Если бы человек всегда мог иметь мир перед собой, мужество не было бы большой добродетелью, если оно вообще ею является. Существует множество бесполезных вещей, выдаваемых за подлинные. Вот тот маленький спартанский негодяй, который украл лису, спрятал ее под одеждой и позволил существу вырвать себе печень, лишь бы его не обнаружили и не лишили добычи, преподносится с ярлыком как своего рода карманная модель стойкости. Я выудил это из греческого, когда был мальчиком, и меня учили, что это стоит найти. Да он был просто жалким маленьким вором, который не мог сказать ни слова по-английски! Так что, если мужество — это добродетель, то храбрый маленький крапивник несет в себе больше добродетели на унцию, чем кто-либо другой. Автор знает оратора, который дрожит, как тот царь, увидевший надпись на стене, если он вынужден пройти через зал, чтобы добраться до трибуны, и все же всегда встречает аудиторию с полным самообладанием. Известно, что он пробирался через нетронутый сугроб и влезал в окно, просто чтобы избежать флангового маневра, который лишал его всего мужества. Когда вы видите, что человек поворачивается спиной к холодному ветру, вместо того чтобы прямо встретить его, вы можете причислить его к жертвам ревматизма, а не к философам.

ГЛАВА XXIV. СВЕТ И ТЕНЬ.

Самым печальным поездом, на котором автору когда-либо приходилось ездить, был Госпитальный поезд с его искалеченным и израненным грузом, который шел от тихих белых палаток Стивенсона, штат Алабама, до Нэшвилла, штат Теннесси, сразу после битвы при Чикамоге. Недостатка в вентиляции не было, так как некоторые вагоны были платформами — того типа, что делают мучеников, но не президентов. Никакой особой отделки ценными породами дерева вы бы там не увидели. В течение двенадцатичасовой поездки шел сильный и непрекращающийся дождь, и раненые лежали, разбросанные по платформам и набитые в товарные вагоны. Но вы слышали меньше жалоб, чем их можно услышать в любой день в роскошном поезде из-за того, что один строптивый лепесток розы помялся. Страдание было безмолвным и тем более ужасным, что было таковым. Пострадавшие парни отправились домой, и на их лицах была странная, призрачная веселость, которая была печальнее самой печали. Они говорили о «Божьей стране», куда направлялись, пока ваше сердце не начинало ныть при мысли о том, сколько из них найдут «Божий акр» прежде, чем достигнут благословенного Севера.

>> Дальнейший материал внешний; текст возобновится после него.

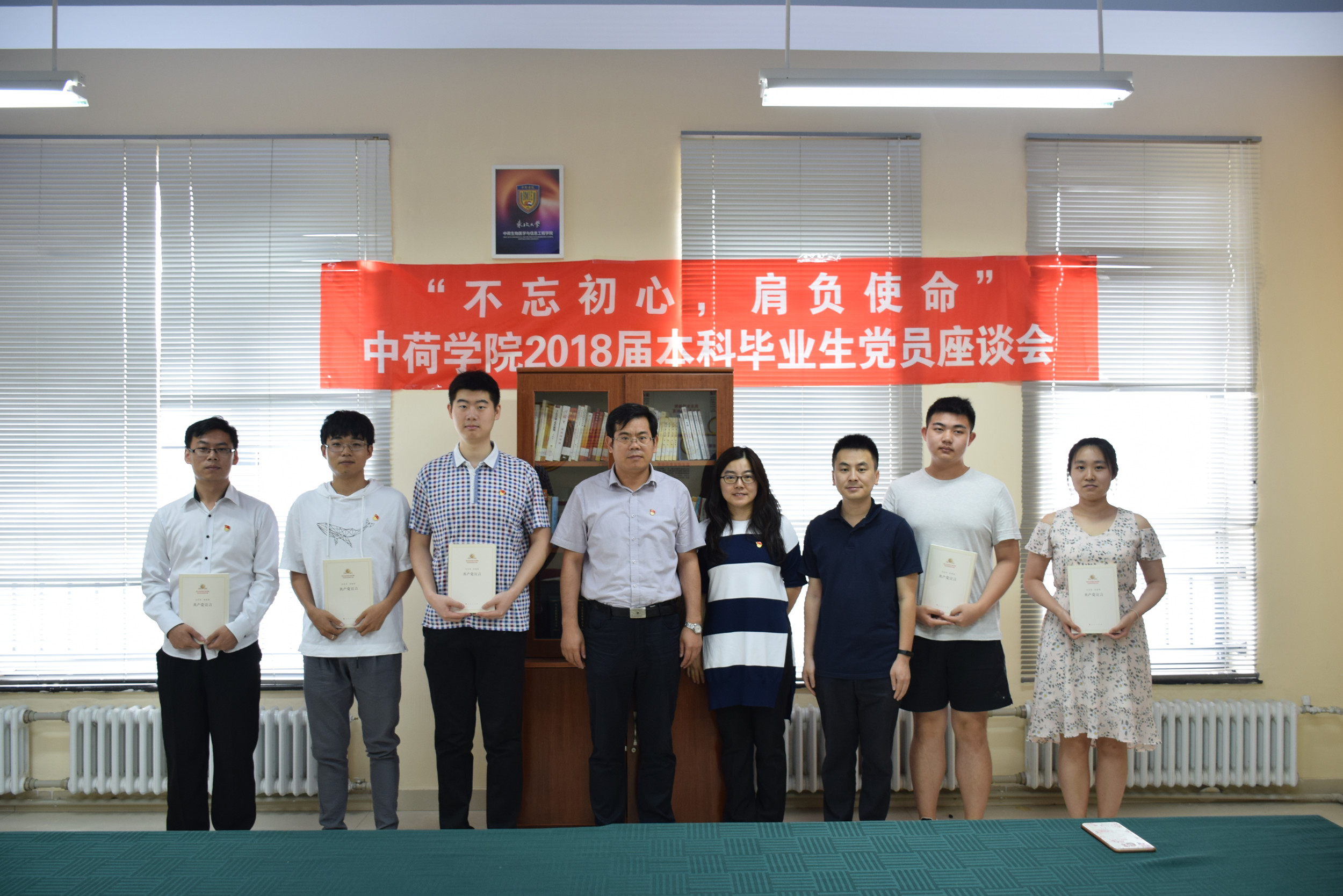 6月27日中午12:00,在生命学馆B326党员活动室举行“不忘初心•肩负使命”中荷学院2018届本科毕业生党员座谈会暨最后一次党课活动。学院党委书记郝建山、党委副书记兼副院长王帅、辅导员以及所有本科毕业生党员参加了此次座谈会。

Поведение той раненой бригады было удивительно озарено благодатью терпения. Это учило тому, из какого великолепного материала сделана человеческая натура. Говорят о людях из железа и нервах из стали, и выглядят так, будто думают, что сказали нечто значительное — как будто есть что-то столь же хорошее для создания человека, как плоть, которая может дрожать, и нерв, который может ныть. Те вагоны на той дороге Чаттануги были достаточно плохи, хотя читатель не поймет этого, если не развлечет себя поездкой на оживленном паровом молоте; но из всех колесных приспособлений скорая помощь, использовавшаяся в последней войне, самая злобная. Вы бы естественно подумали, что это «изобретение врага» — что он придумал его специально для того, чтобы добить людей, которых не совсем убил порохом. Эта тряская, дергающаяся вещь с пружинами-волчьими капканами, которые щелкают на каждой неровности дороги и посылают волны боли через разбитые тела своих обитателей, является, для милосердного устройства, безусловно, самой жестокой. Пусть нашей молитвой будет то, чтобы ни госпитальный поезд, ни скорая помощь не понадобились больше никогда во всей стране!

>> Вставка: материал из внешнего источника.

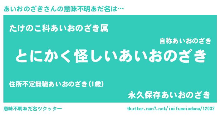 | 男性向けラノベタイトル風あだ名 | 『あいおのざきの嫁は女の子じゃないと思った?』 |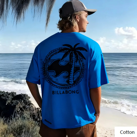 Surf - Trendy - Themed Crew Neck T - Shirt Showcasing A Distinctive Palm Tree - Surf - Design Autumn and Winter Large Loose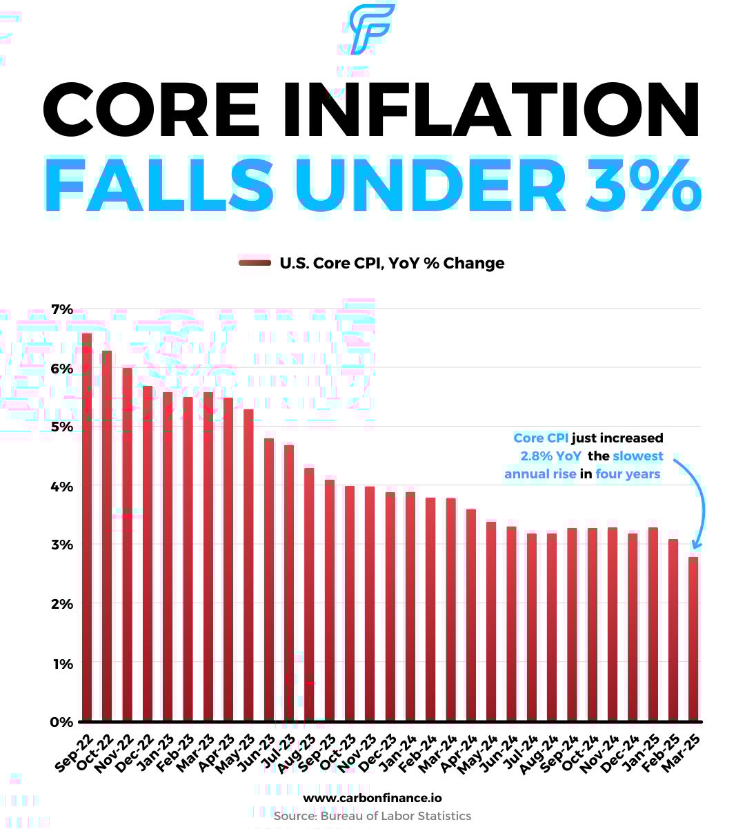 Marchās Core CPI came in at a 2.8% annual rate, below the 3% estimate and the lowest since March 2021.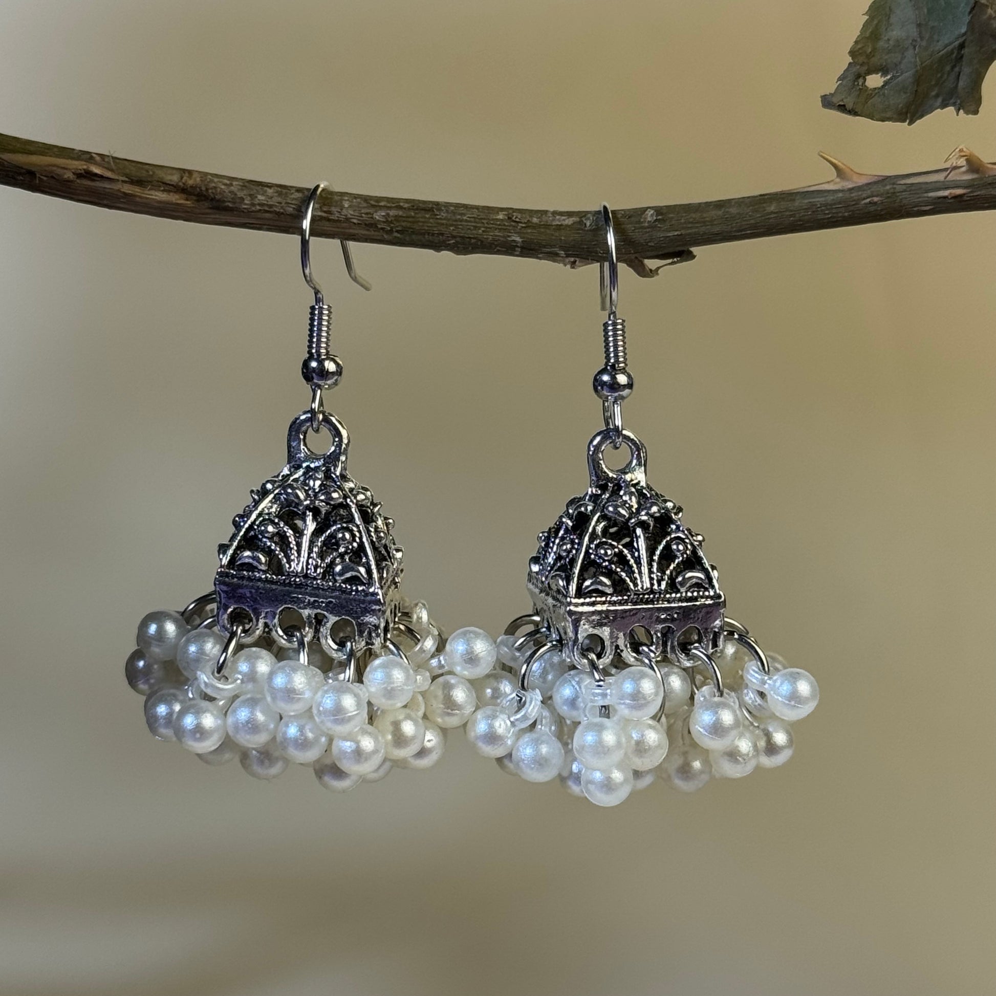Regal silver jhumkay crafted for women who carry tradition like a crown.

Вы когда-нибудь видели стаи молодых ласточек, усеивающих южный склон сарая с широкой крышей, как раз когда они готовятся улететь в более солнечный край? Какое смешение счастливых языков, какой получеловеческий щебет и веселье. Если вы хотите увидеть ту же картину позже в сезоне, после того как все ласточки улетели, просто сядьте в пассажирский поезд в декабре на дороге, вдоль которой расположены школы для девочек, такой как Чикаго и Милуоки, когда стайки выпускают на волю и они направляются домой на праздники. Птицы веселее и ярче, и каждая из них стоит галлона ласточек, неважно, стоят ли ласточки дороже воробьев или нет — по полфартинга за штуку — но они напоминают картину на склоне сарая, пока девочки и птицы, кажется, щебечут над одной и той же чашей радостного ожидания.

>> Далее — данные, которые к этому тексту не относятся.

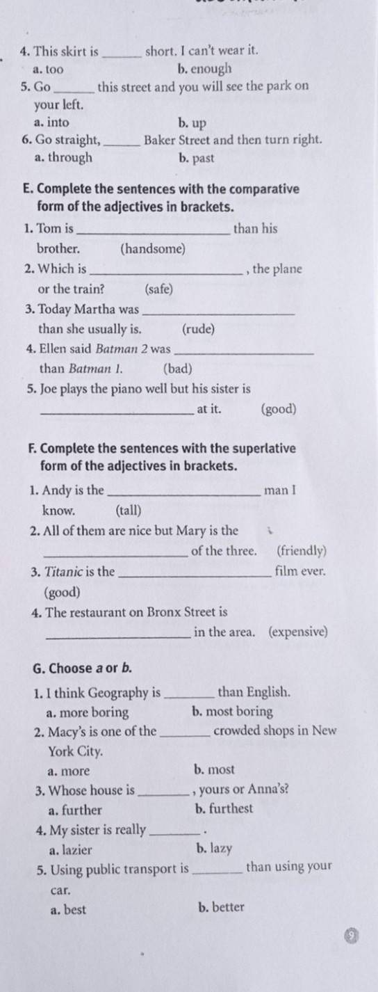 E 1 more handsome 2 safer 3 ruder 4 worse 5 better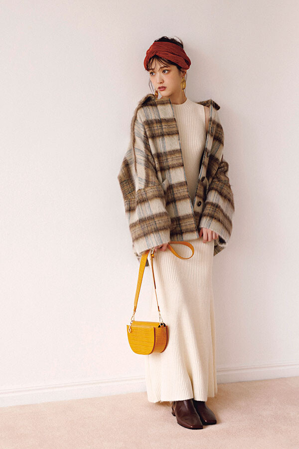 白ニットワンピース×チェック柄シャツ×ターバン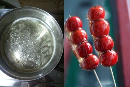 山楂洗干净不用去籽,用竹签一个个串号。然后就是用平底锅倒入一把冰糖,就开始小火的熬糖,用筷子慢慢的搅拌。让水分满满的蒸发,看着气泡由大变小,然后糖的颜色开始转成黄色就关火。把串好的山楂慢慢的在糖浆里旋转,直至挂满糖浆。这样,一串看起来就让人口水分泌加快的冰糖葫芦就做好了。就是那么的简单,还在找回忆的你还不试一下么?

Вы выехали из Милуоки немного скучным и слегка угрюмым, но когда поезд останавливается вдоль тех прекрасных деревень, где находятся голубятни, и веселые создания толпой заходят на борт, и очаровывают вас, и захватывают поезд, и наполняют его смехом и лентами, и щегольскими маленькими шляпками размером с ладонь, и садятся по трое на сиденье, когда их оборки позволяют, и говорят все сразу и все время, тогда и вы оживаете и становитесь человеком, и хотите снова стать мальчиком или девочкой, чтобы видеть все в розовом цвете и думать, что жить — это уже благословение, и быть счастливым без всякого плана. Тот, кто серьезно говорит себе: «Я собираюсь быть счастливым сегодня», почти наверняка проведет время с трезвой головой. Я не думаю, что кто-то может «дотянуться» до счастья, как дети раньше дотягивались до черты, когда вставали, чтобы произнести слово по буквам. Большая часть этого товара приходит к человеку, когда он его не ищет, точно так же, как боковой взгляд иногда открывает звезду, которую астроном тщетно искал прямым взглядом.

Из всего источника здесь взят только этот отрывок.